Nothing but the lines below from the one that contains "接修一台TCL L32F33" through the one that contains "Το καλώδιο micro" should be retyped, exactly and including both ends. Do not include pictures.

##### Entries provided

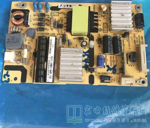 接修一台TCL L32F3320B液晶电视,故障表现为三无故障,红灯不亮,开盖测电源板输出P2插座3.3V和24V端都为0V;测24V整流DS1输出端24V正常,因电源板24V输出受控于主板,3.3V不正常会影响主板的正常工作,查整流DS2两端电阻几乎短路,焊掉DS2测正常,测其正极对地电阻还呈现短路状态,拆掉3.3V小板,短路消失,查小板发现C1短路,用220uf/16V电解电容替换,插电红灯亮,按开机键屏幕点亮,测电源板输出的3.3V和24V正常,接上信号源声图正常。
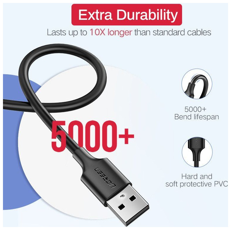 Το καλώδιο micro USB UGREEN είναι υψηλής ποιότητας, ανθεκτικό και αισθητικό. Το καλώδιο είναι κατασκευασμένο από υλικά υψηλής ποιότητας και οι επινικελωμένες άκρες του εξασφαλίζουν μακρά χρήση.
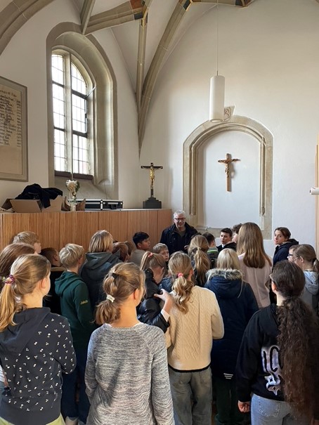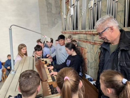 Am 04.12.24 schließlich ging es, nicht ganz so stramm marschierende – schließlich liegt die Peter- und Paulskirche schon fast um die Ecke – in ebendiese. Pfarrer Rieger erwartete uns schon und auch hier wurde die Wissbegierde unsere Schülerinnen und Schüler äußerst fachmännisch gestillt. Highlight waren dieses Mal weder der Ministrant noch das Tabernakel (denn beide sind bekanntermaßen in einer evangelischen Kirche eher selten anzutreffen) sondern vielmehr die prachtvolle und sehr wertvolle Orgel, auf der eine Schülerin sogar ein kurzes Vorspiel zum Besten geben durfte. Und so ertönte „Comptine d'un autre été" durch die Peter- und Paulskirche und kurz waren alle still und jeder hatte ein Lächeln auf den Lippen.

##########
##### Entries provided

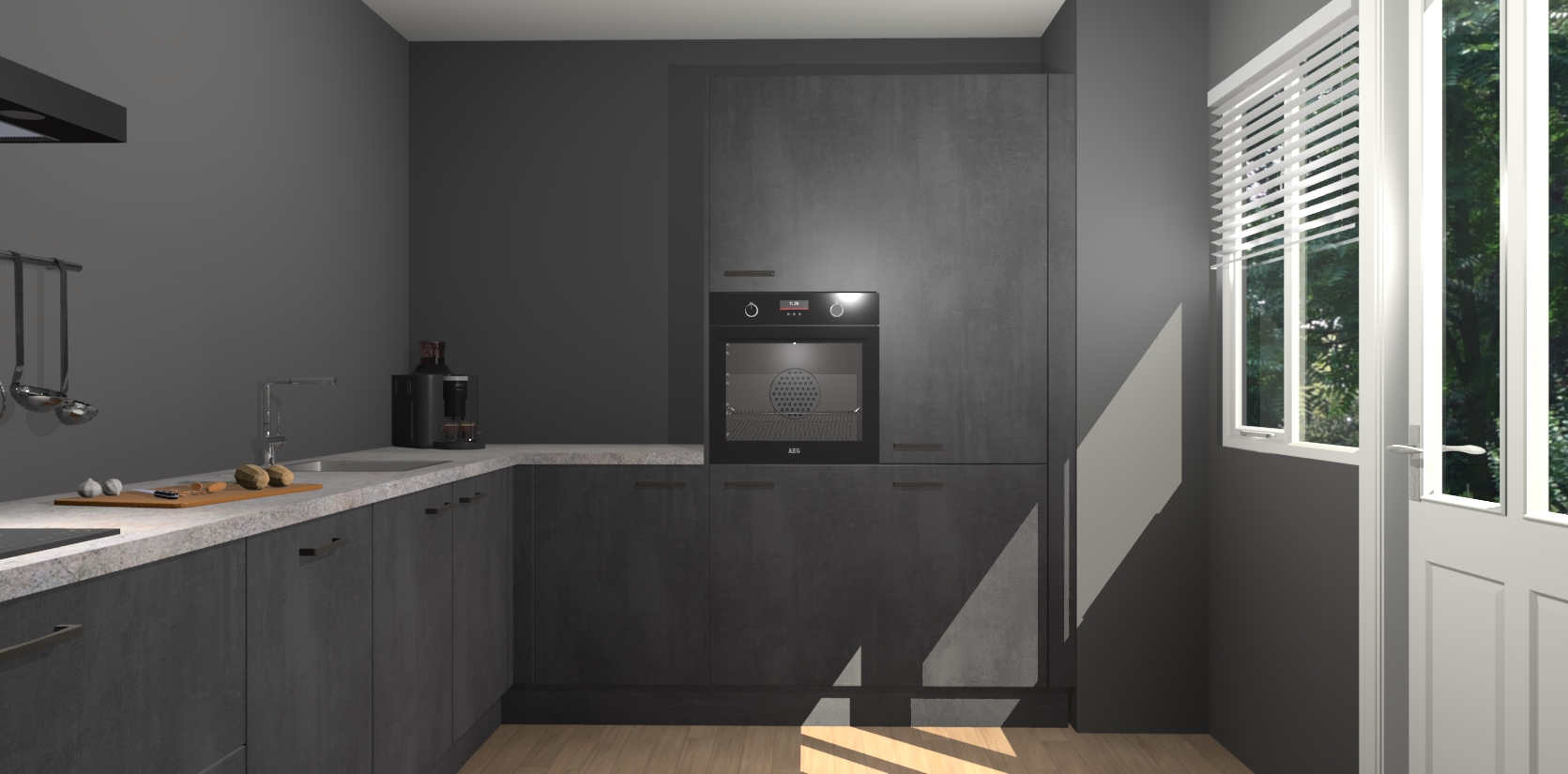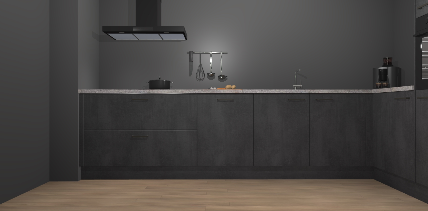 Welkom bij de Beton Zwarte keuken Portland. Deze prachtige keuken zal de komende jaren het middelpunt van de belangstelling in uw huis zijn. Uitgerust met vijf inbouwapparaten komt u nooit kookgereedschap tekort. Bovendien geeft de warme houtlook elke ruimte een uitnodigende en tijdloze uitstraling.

##########
##### Entries provided

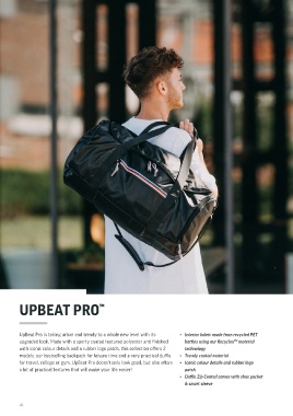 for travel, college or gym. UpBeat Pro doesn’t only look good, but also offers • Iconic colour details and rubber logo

##########

* [Written answer]
 接修一台TCL L32F3320B液晶电视,故障表现为三无故障,红灯不亮,开盖测电源板输出P2插座3.3V和24V端都为0V;测24V整流DS1输出端24V正常,因电源板24V输出受控于主板,3.3V不正常会影响主板的正常工作,查整流DS2两端电阻几乎短路,焊掉DS2测正常,测其正极对地电阻还呈现短路状态,拆掉3.3V小板,短路消失,查小板发现C1短路,用220uf/16V电解电容替换,插电红灯亮,按开机键屏幕点亮,测电源板输出的3.3V和24V正常,接上信号源声图正常。
 Το καλώδιο micro USB UGREEN είναι υψηλής ποιότητας, ανθεκτικό και αισθητικό. Το καλώδιο είναι κατασκευασμένο από υλικά υψηλής ποιότητας και οι επινικελωμένες άκρες του εξασφαλίζουν μακρά χρήση.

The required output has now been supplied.